EUobserver reports that Spain, France, Denmark, Portugal, Germany, Greece, Austria and others are considering bans or strict limits on social media for under-16s, following Australia’s December rollout of a ban that reportedly led to the deletion or restriction of 4.7 million accounts. Spanish prime minister Pedro Sánchez described social platforms as a “digital Wild West” of “addiction, abuse, pornography, manipulation, and violence.” The public mood is on his side: a 2025 Eurobarometer survey found more than 90 percent of respondents want public authorities to help protect children online.
The mechanism that makes these bans “work” is the part politicians rarely headline: age verification. At scale, age gates are not a checkbox; they are infrastructure. They require either (a) persistent identity checks (KYC-style), (b) third-party identity providers, or (c) device- and biometrics-based estimation—all of which expand data collection, create new breach targets, and normalize traceability.

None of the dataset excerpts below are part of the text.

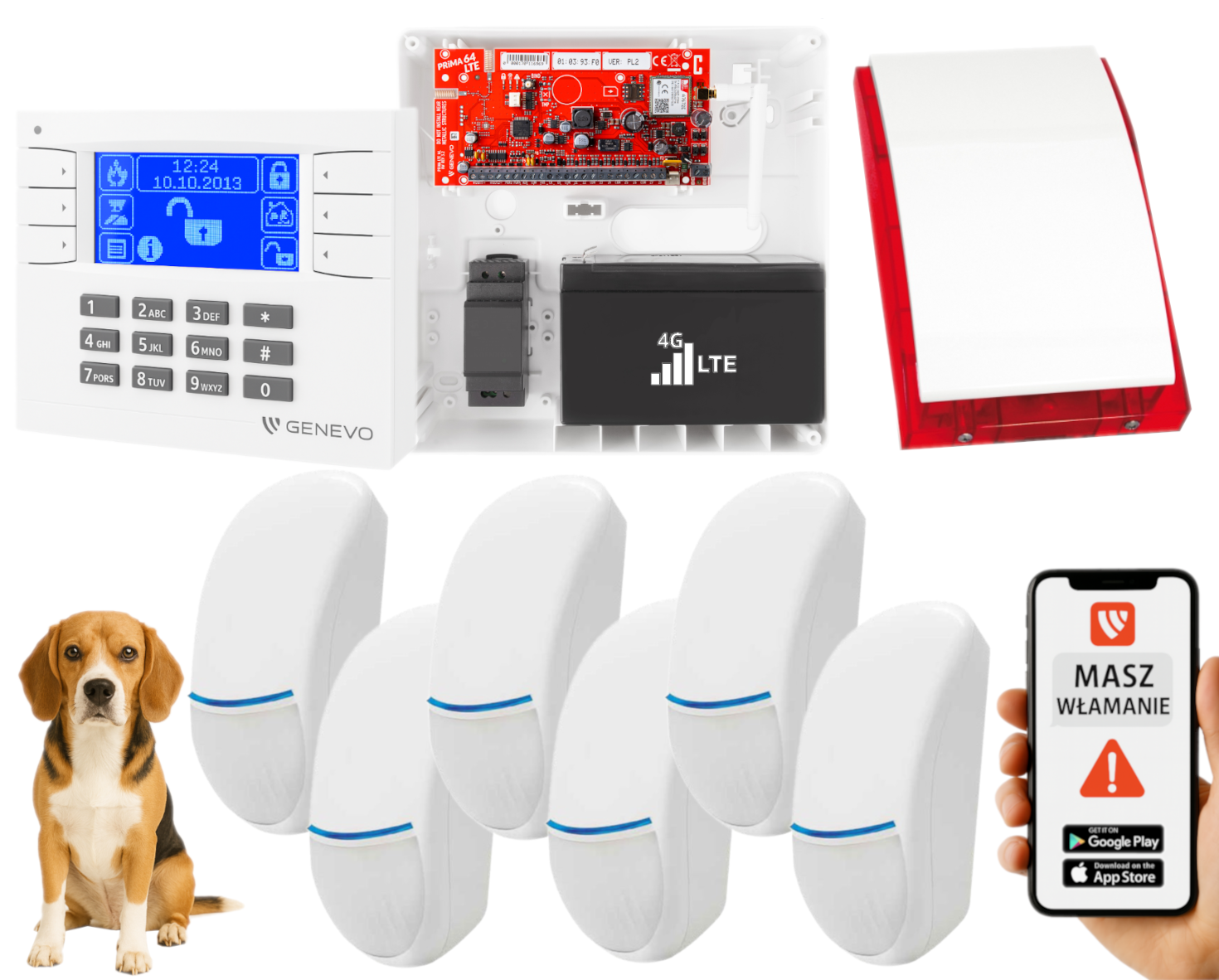 System alarmowy oparty na centrali Genevo PRiMA64LTE to nowoczesne, przewodowe rozwiązanie przeznaczone do ochrony obiektów prywatnych i komercyjnych. Dzięki połączeniu zaawansowanych funkcji z obsługą technologii
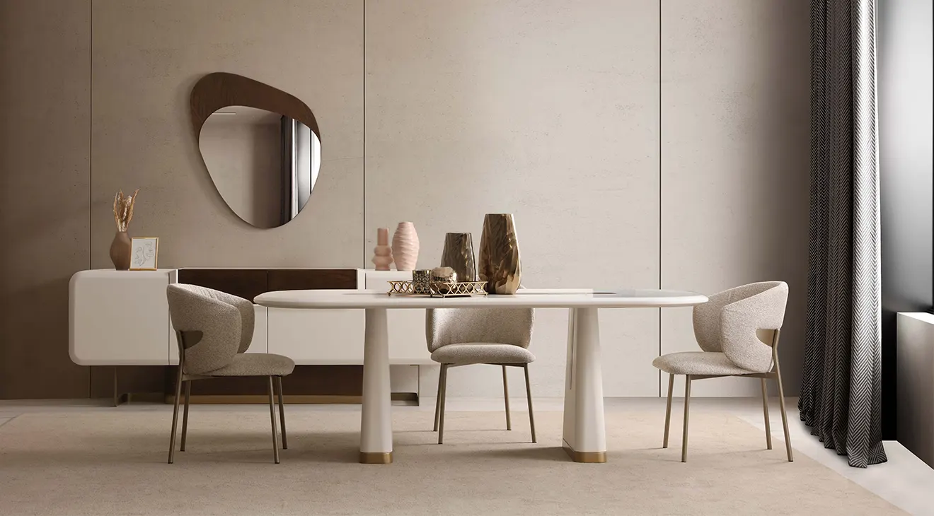 Delta Modern Yemek Odası Takımı, şıklığı ve modern tasarımı bir araya getiriyor. Yüksek kaliteli malzemelerle üretilmiş, geniş masa ve zarif sandalye detaylarıyla dikkat çekiyor. Krem tonları, her mekana uyum sağlayacak sıcak ve doğal bir atmosfer yaratır. İnegöl mobilya kalitesini evinize taşıyın.
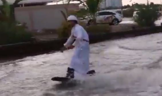 Water-skiing on UAE's wet roads
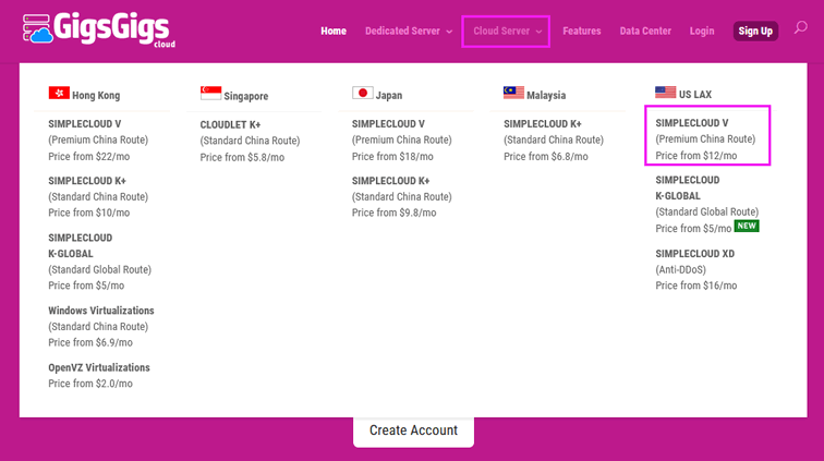 GigsGigsCloud 商家也有提供美国机房的云服务器和独立服务器业务,其中美国机房有普通非直连线路国际BGP线路,以及还有CN2 GIA中国线路优化线路。如果我们需要选择且也建议选择GigsGigsCloud商家美国CN2 GIA线路的是SimpleCloud V方案。
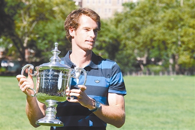 9月11日,2012美国网球公开赛新科冠军穆雷在纽约展示奖杯并拍摄纪念照。 CFP供图
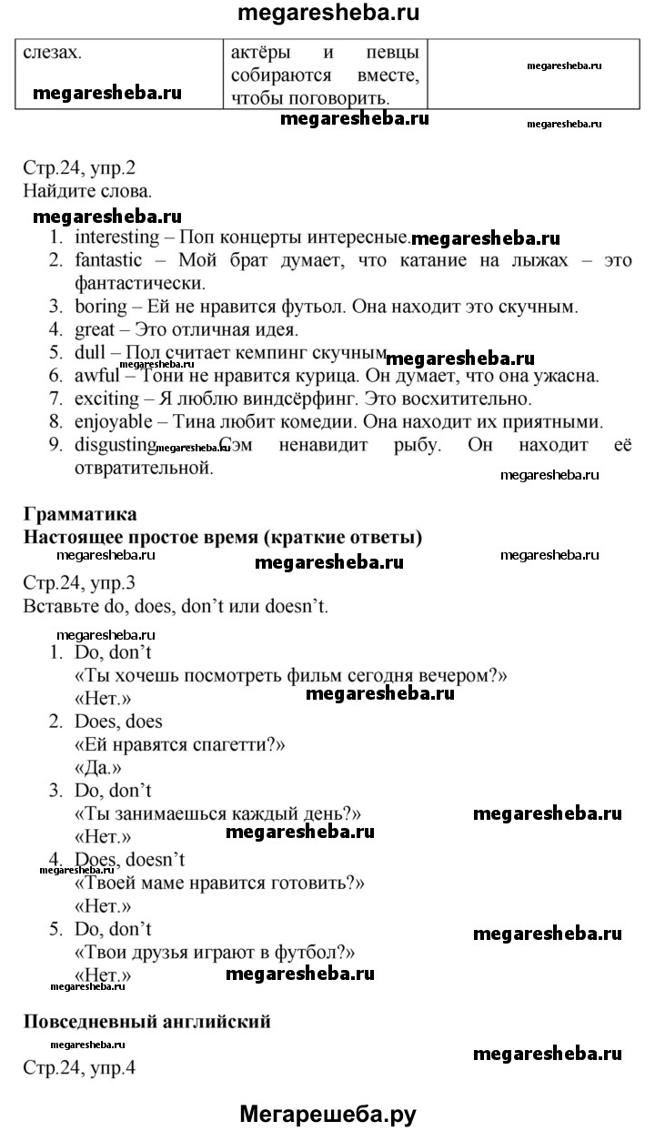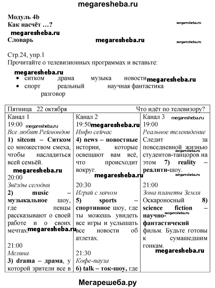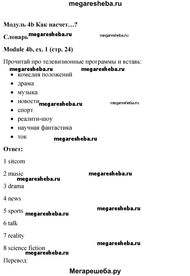 Подробный решебник (ГДЗ) по Английскому языку за 6 (шестой) класс Рабочая тетрадь Spotlight - готовый ответ страница - 24. Авторы учебника: Ваулина, Дули, Подоляко, Эванс. Издательство: Просвещение 2015-2023.

Digital rights groups argue the policy is a diversion. Simeon de Brouwer of EDRi told EUobserver that age verification is a “band-aid” that pulls resources away from addressing the underlying incentive problem: platforms optimize for engagement because that’s how they get paid. Even supporters of intervention concede enforcement is lagging. Bruegel researcher Paul Richter criticized the European Commission for not fully using the Digital Services Act (DSA) tools already on the books, which include obligations to mitigate systemic risks to minors.

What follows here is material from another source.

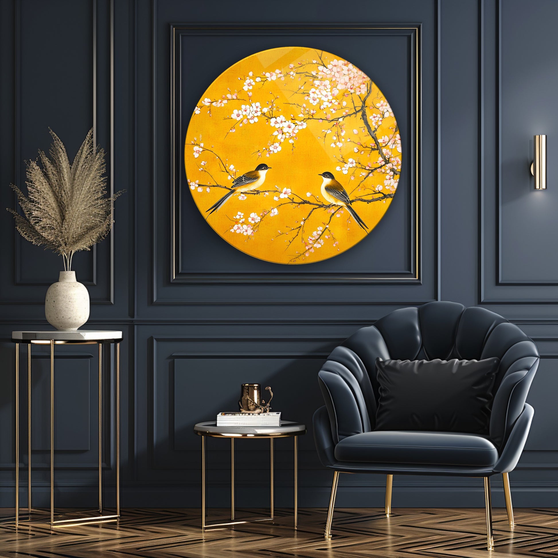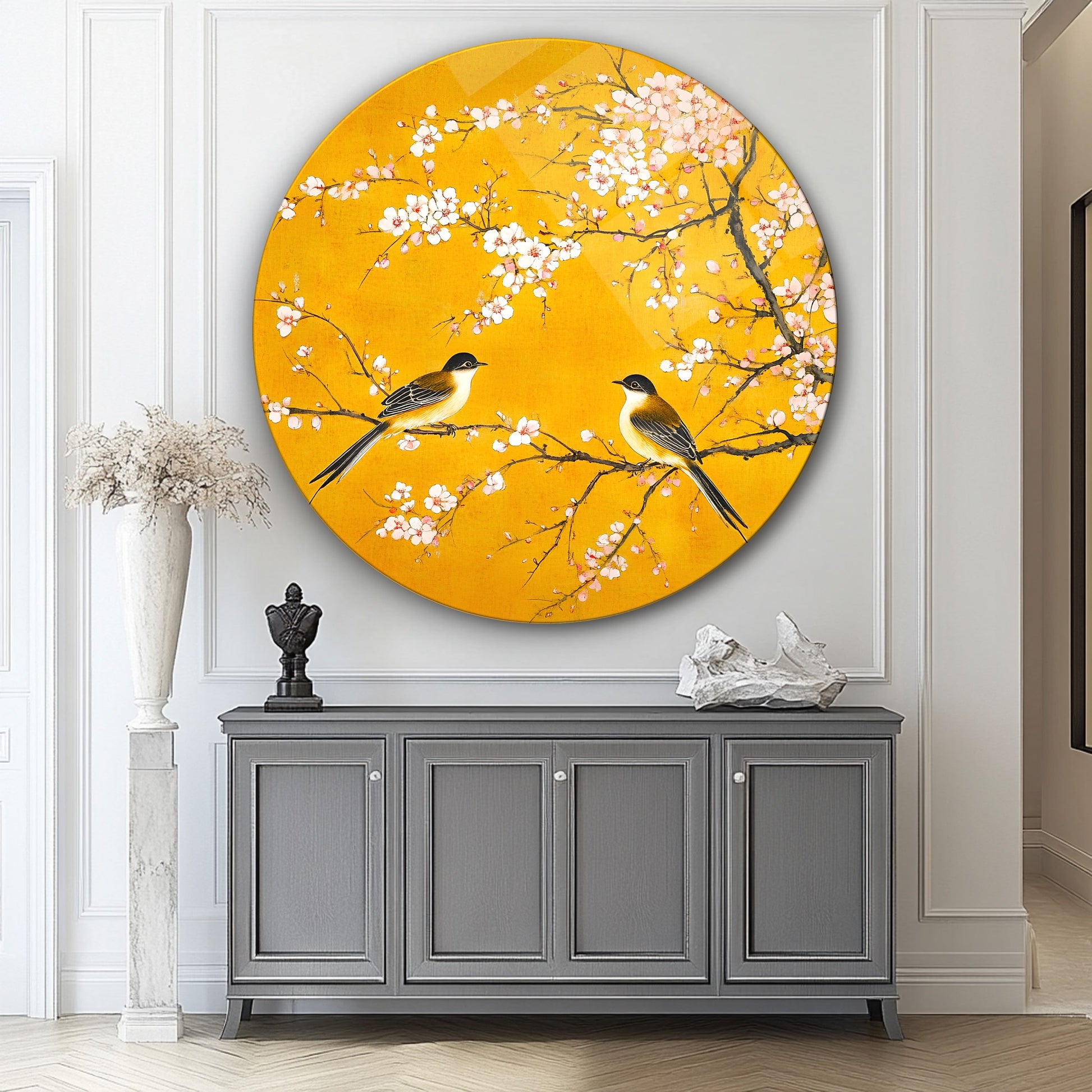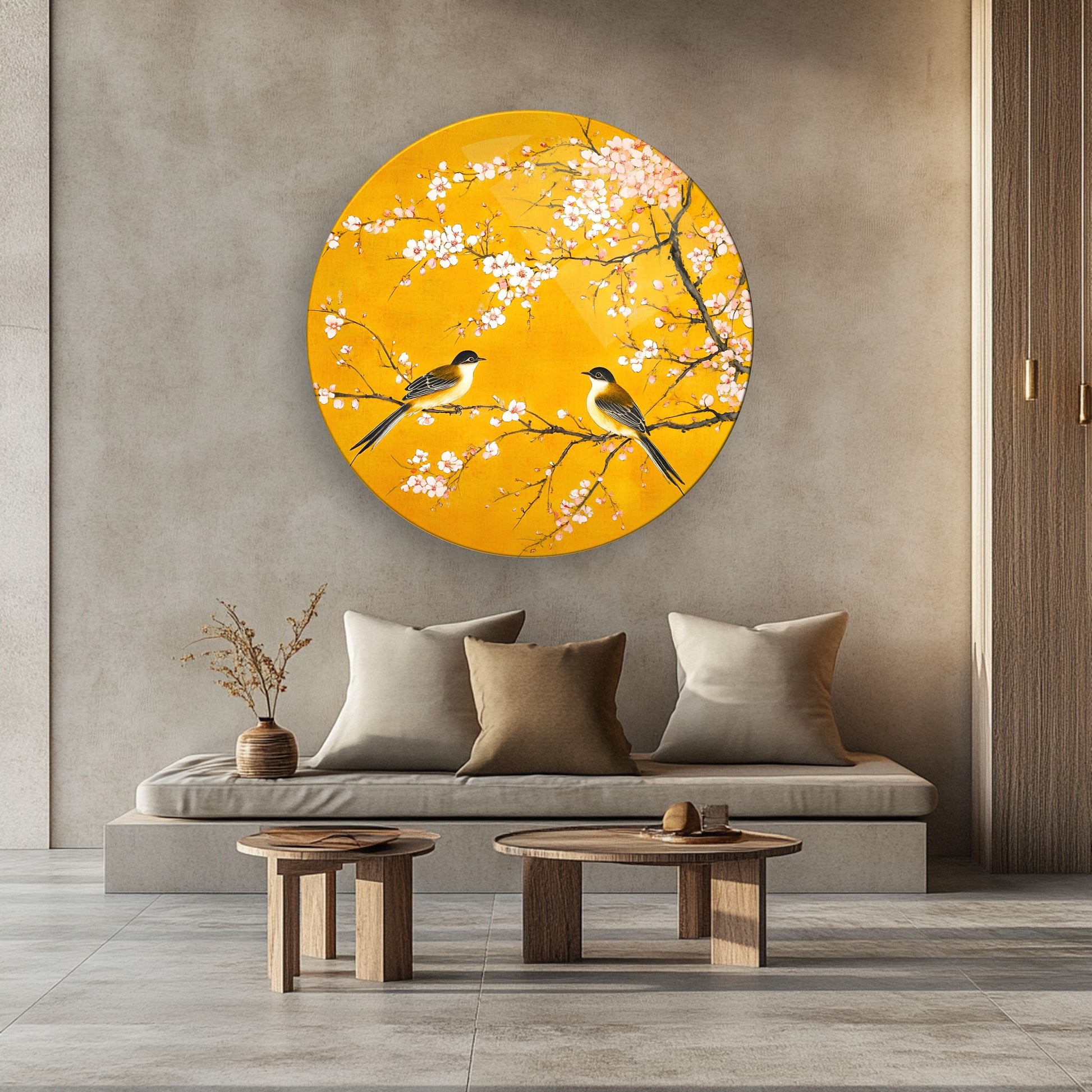 Çiçekler ve Serçe Kuşları Yuvarlak Cam Tablo

But the political economy points in one direction: identity requirements are legible to regulators and enforceable against platforms. “Fix the feed” is harder. “Show me your papers” scales beautifully.
This is where the censorship-by-API problem emerges. Once a platform must verify age, it must also decide what counts as “verified,” which vendors are acceptable, what data is retained, and what happens when verification fails. That creates a compliance market—identity brokers, verification SDKs, facial-age estimation services—whose business model depends on making the internet less anonymous and more permissioned.

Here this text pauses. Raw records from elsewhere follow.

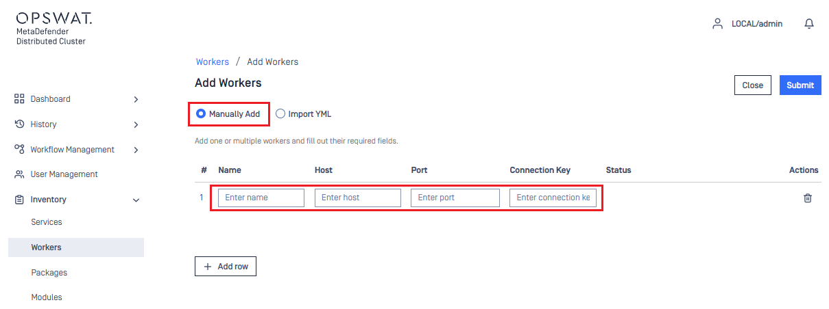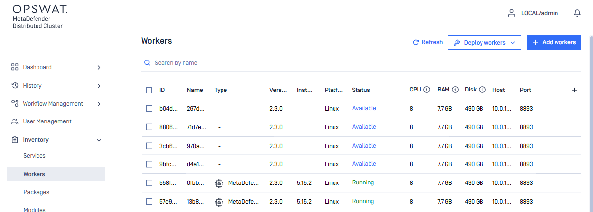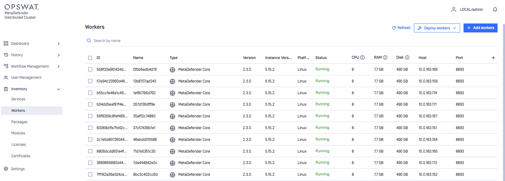This section will allow the system administrator to add the MetaDefender Distributed Cluster (MDDC) Workers which will help deploy and monitor activities of MetaDefender Core, MDDC API Gateway and MDDC Callback Service.
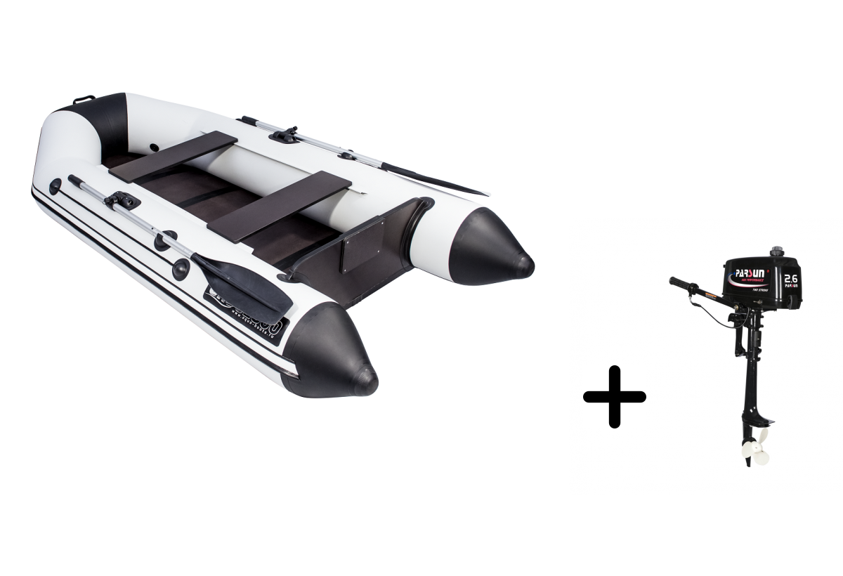 Представляем вашему вниманию маневренный комплект для рыбалки и путешествий — надувная лодка АКВА-2800 СК серо-черного цвета с экономичным мотором PARSUN T 2.6 BMS. Этот тандем создан для тех, кто ценит компактность и практичность.
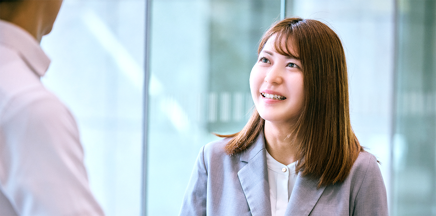 「BtoC営業では、決められた商品を扱うからこそ、その魅力を最大限に引き出し、お客さまに最適な形で伝えることがミッションでした。ソリューション事業では、企業さまの課題をともに解決することがミッションであり、それを実現するために仕組みをどうするか、どういう組み合わせにすれば、その企業さまにとって最大のパフォーマンスを発揮できるのか、丁寧な対話を通じて共創していくアプローチが必要となります。現場視点のアイデアを企画や商品開発のチームに伝え、ニーズを反映した商品開発に繋げるなど、企業さまごと、案件ごとに柔軟な発想で取り組めるところに、事業としての可能性を感じています」

And it invites mission creep. If a system can verify age for minors, it can be extended to adults “for safety,” “for elections,” “for misinformation,” or simply to satisfy future liability theories. In practice, age verification is a backdoor to real-name policy—outsourced, privatized, and wrapped in child-protection rhetoric.
Europe’s online speech regime has long relied on platform enforcement under vague duties of care. Adding mandatory identity checks would harden that model into something closer to an access-control layer for public discourse. The stated goal is to keep teenagers from doomscrolling. The likely outcome is that everyone gets a little more trackable, and the firms selling the tracking get a new regulated moat.